In general, it is important to note that an investment is not unsuitable simply because it performs badly. Investments by their very nature carry with them an element of risk, which means they may well fall in value or fail altogether. This means that just because an investment has fallen in value does not mean that there was any deficiency in the advice given, as the specific outcome of an investment cannot be known in advance. There are some reasons why an investment may not have been suitable for a client, namely:

  • Mismatched risk exposure – if the investment was riskier than the client was prepared to take, then the advice can be considered unsuitable even if the investment has actually performed well. In that case, the remedy would be to switch into a more appropriate investment now, taking the additional gain as effectively a bonus.

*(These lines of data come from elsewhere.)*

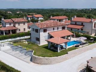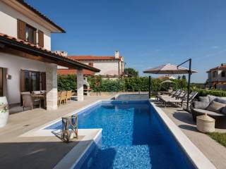We offer this elegant designer villa located on the west coast near Visnjan. This elegant house with a view of the charming Istrian houses and vineyards can be a dream home or bring you a great income if you want to rent this house. On the ground floor there is a fully equipped top quality kitchen, dining room with 8 seats and a comfortable living room with fireplace. In addition, on this floor there is a wine room for real wine lovers, and a room with a toilet and toilet. Upstairs are 3 bedrooms with comfortable double beds measuring 200x200cm, and two rooms have one sofa bed as an extra bed. Each room is air conditioned and has a TV with internet. Upstairs there are 3 more elegant bathrooms - 2 bathrooms have a shower and one sink, and one has two sinks and a bathtub. On the same floor there is also an auxiliary room with a washing machine and dryer. In the courtyard there is a large swimming pool, a covered jacuzzi, and a small park for children. The current owner did not save on this facility in any way, everything was made and equipped with designer furniture and some antique pieces of furniture. Also, if someone wants, they can upgrade this building with another floor where everything is done in advance (electricity and water), and then from that floor they would get a beautiful view of the sea.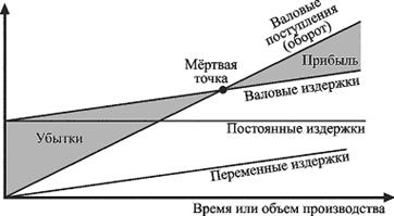 Рис. 9.1. График «мёртвой точки», или «точки рентабельности» При расчетах рентабельности и решении финансовых вопросов необходимо точно трактовать понятие «прибыль». Есть существенная разница между валовой и чистой прибылями: валовая прибыль представляет собой текущие доходы до уплаты налогов, чистая – после их уплаты, т. е. это те средства, которыми компания может располагать в полной мере и по своему усмотрению. В свою очередь, чистая прибыль в зависимости от выполняемых ею функций будет распадаться на распределяемую, т. е. идущую на выплату дивидендов или вообще в личные доходы владельцев фирмы, и не распределяемую, т. е. вкладываемую в производство. Каких-то особых рецептов относительно разделения частей прибыли не существует – все зависит от конкретных целей фирмы и ее финансового состояния. Можно лишь отметить что распределяемая прибыль составляет обычно 30–50 % чистой прибыли.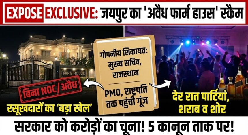 गुलाबी नगरी जयपुर की पॉश कॉलोनियों और बाहरी सीमाओं (Fringe Area) में जब आम शहर सो जाता है, तब कुछ खास जगहों पर एक अलग ही दुनिया आबाद होती है। ऊंची दीवारों के पीछे से आती संगीत की तेज आवाजें और रसूखदारों की चमकती गाड़ियां… बाहर से ‘फार्म हाउस’ का बोर्ड लगाकर सुख-शांति का दिखावा करने वाली इन जगहों के अंदर क्या चल रहा है, यह अब तक एक ‘खुला राज’ था। लेकिन अब इस ग्लैमर की आड़ में चल रहे करोड़ों रुपये के काले कारोबार और सरकारी खजाने को लगाई जा रही चपत का एक ऐसा दस्तावेज सामने आया है, जिसने पूरे प्रशासनिक महकमे को कटघरे में खड़ा कर दिया है। जयपुर के इन ‘सफेदपोश’ ठिकानों का सच इतना गहरा है जिनके तार ब्यूरोक्रेसी से लेकर सत्ता के गलियारों तक फैले हुए हैं।

  • Insufficient information – if the investment was not fully explained to the client, they cannot have made an informed decision to proceed. This usually means that the client was unaware of the charges or the underlying investment strategy. It may be that the adviser was themselves unaware, but their duty of care to the client means that they should only advise on assets they have fully investigated.
  • Incorrect permissions – if the adviser was not authorised to intermediate on the specific assets in question, then their advice was unsuitable.
  • Non-mainstream investments marketed inappropriately. Some investments are subject to additional restrictions over their marketing and advice, usually requiring a client to be either deemed sophisticated or high net worth. If the investment required such a categorisation but the client was not recorded as such, the advice may well be unsuitable.